Опыт удовольствия
от истины, достигаемое благодаря ей счастье никогда не являются показателями истины. Наоборот, история овладения ею учит, что «каждый шаг в сторону истины надо было отвоёвывать, нужно было за него пожертвовать всем, чем питается наше сердце, наша любовь, наше доверие к жизни. Для этого нужно величие души. Служение истине есть самое суровое служение» (А, 676). Поэтому в то время как вера хотя и умозаключает: «вера делает блаженным: следовательно, она истинна» (А, 675), научный поиск объективной истины на основании собственного опыта, наоборот, говорит: «вера делает блаженным: следовательно, она лжёт» (А, 676). Всякий раз, когда начинает господствовать воля к счастью, истина теряется. Так, философия, один из способов веры, ошибочно отделилась от науки, ищущей истину как таковую, когда поставила вопрос: «каково то познание мира и жизни, при котором человек живёт счастливее всего?» (ЧСЧ, 242). Человек, желающий только своего счастья, неизбежно «равнодушен по отношению к чистому, самодовлеющему познанию, а по отношению к тысячекратно вредным и разрушительным истинам даже враждебен» (10, 193). Но если истина неумолимо требует самое себя, она в свою очередь индифферентна в отношении счастья: «Не существует никакой предустановленной гармонии между споспешествованием истине и благом человечества» (ЧСЧ, 458).Вера, во-вторых
, постоянно подтверждалась в истории посредством мученичества. Когда Ницше относительно истины самой по себе говорит, будто она существует неподвижно и как таковая может быть схвачена и усмотрена исходя из чистого вневременно́го мышления, то он отвергает кровавую жертву мученика в качестве свидетельства в её пользу: «Кровь — самый худший свидетель истины; кровь отравляет самое чистое учение до степени безумия и ненависти сердец» (ТГЗ, 66).
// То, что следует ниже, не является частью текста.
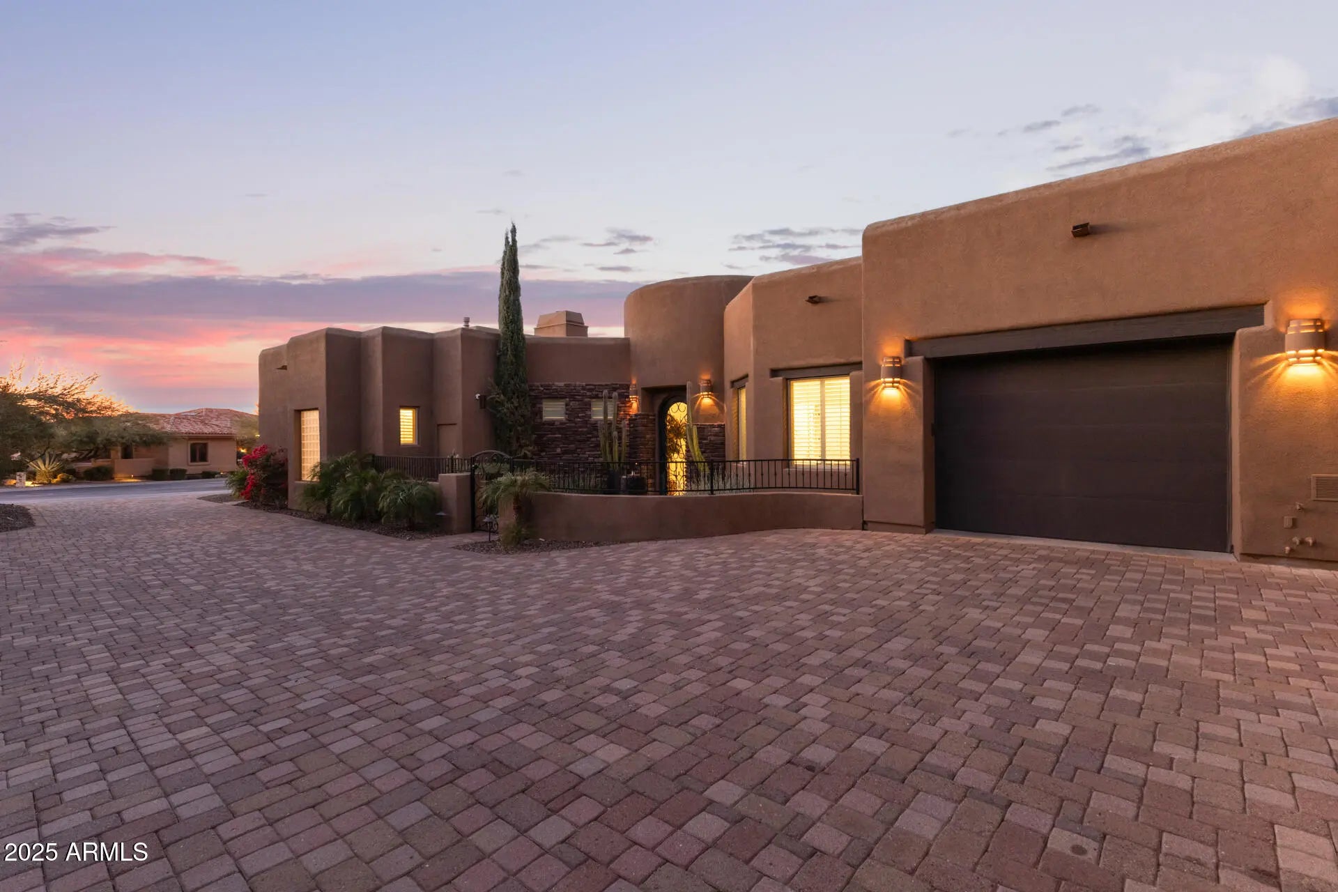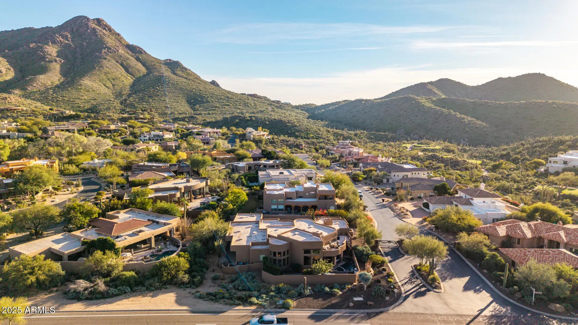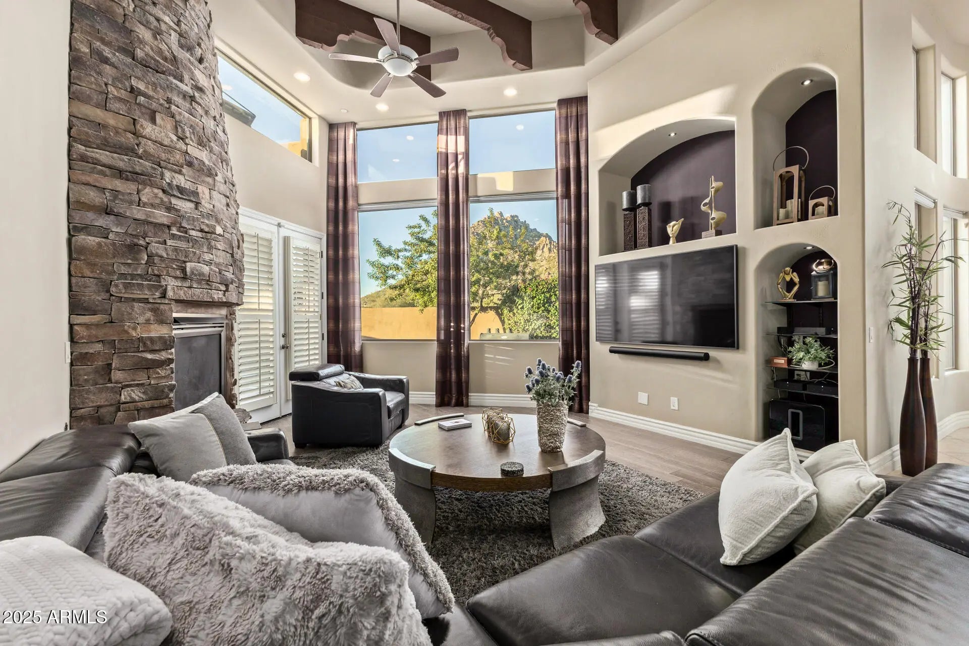 Custom 4600 sq.ft. contemporary masterpiece situated on a corner lot in Troon Ridge Estates with mountain views. Has a great room that connects the family room (with wet bar and stone fireplace's), living room, dining room and oversized gourmet kitchen with high end cabinetry throughout. Custom architectural elements including high ceilings, wood beams, large windows and multiple skylights make the unique space full of natural light. Split floor plan with 4 bedrooms, office and 3.5 bathrooms. The master suite features a sitting area, gas fireplace. Large walk-in closet with additional washer/dryer. Outdoor area has a heated pool & jacuzzi, water feature, and a spiral staircase that leads to the rooftop deck where you can take in the AMAZING views. and cozy, a spa-like bathroom with double oversized vanities and a separate shower & tub, as well as a large walk-in closet for all your belongings, with a built-in laundry area. The spacious den is perfect for an office or a creative space. The backyard hosts a covered patio ideal for unwinding after a long day, an area with travertine pavers, a built-in BBQ, a hot tub, a pool, and a beautifully manicured landscape with grass. A spiral staircase connects to the view deck, where you can sit around the fire pit with your loved ones while admiring the fantastic mountain views. This gem truly has it all! Don't miss your chance to own something truly special!

Особенно научная истина по своему смыслу не имеет возможности подтверждения или опровержения с помощью мученичества. Сам исследователь для Ницше становится подозрителен, если он пребывает на этом уровне: если «истина, я хочу сказать научная методика, была усвоена и поддержана теми, которые угадали в ней средство борьбы», то они именно с помощью этой борьбы афишируют «понятие “истины”, придавая ей столь же абсолютное значение, как и их противники. Они становятся фанатиками или, по крайней мере, принимают соответствующую позу». Словами «убеждение», «вера», составляющими гордость мученичества, именуются состояния, неблагоприятные научному познанию. Подлинные исследователи, противники, усвоив в своём решении вопроса об истине субъективную манеру других, верующих, «с её позировкой, жертвами, героическими решениями», попросту продлили господство антинаучных методов; «как мученики они компрометировали своё собственное дело» (ВВ, 206–207). Отсюда возможное в этом контексте требование Ницше: «Остерегайтесь мучений! Остерегайтесь страдания “во имя истины”! Остерегайтесь даже собственной защиты! … точно “истина” такая простодушная и нерасторопная особа, которая нуждается в защитниках! … Скройтесь! И наденьте свою маску и хитрость, чтобы вас путали с другими! … Мученичество философа, его “принесение себя в жертву истине” обнаруживает то, что было в нём скрыто агитаторского и актёрского» (ПТСДЗ, 260–261).Критерием истины не являлся, в-третьих
, «добродетельный образ жизни». Таковой не говорит ни за, ни против истины: «Истина доказывается иначе, чем правдивость, и последняя отнюдь не есть аргумент в пользу первой» (УЗ, пер. мой — Ю. М.).Если критерии истины подменяются критериями твёрдости в вере — показателем силы, мученичеством, добродетельным образом жизни — то истина в каждом из перечисленных случаев в корне разрушается. Истина хочет «быть критикуемой, а не боготворимой» (11, 171). Отсюда для Ницше в отношении этой истины справедливо следующее: «Мы, “познающие”, в конце концов проникаемся недоверием ко всякого рода верующим» (КГМ, 514).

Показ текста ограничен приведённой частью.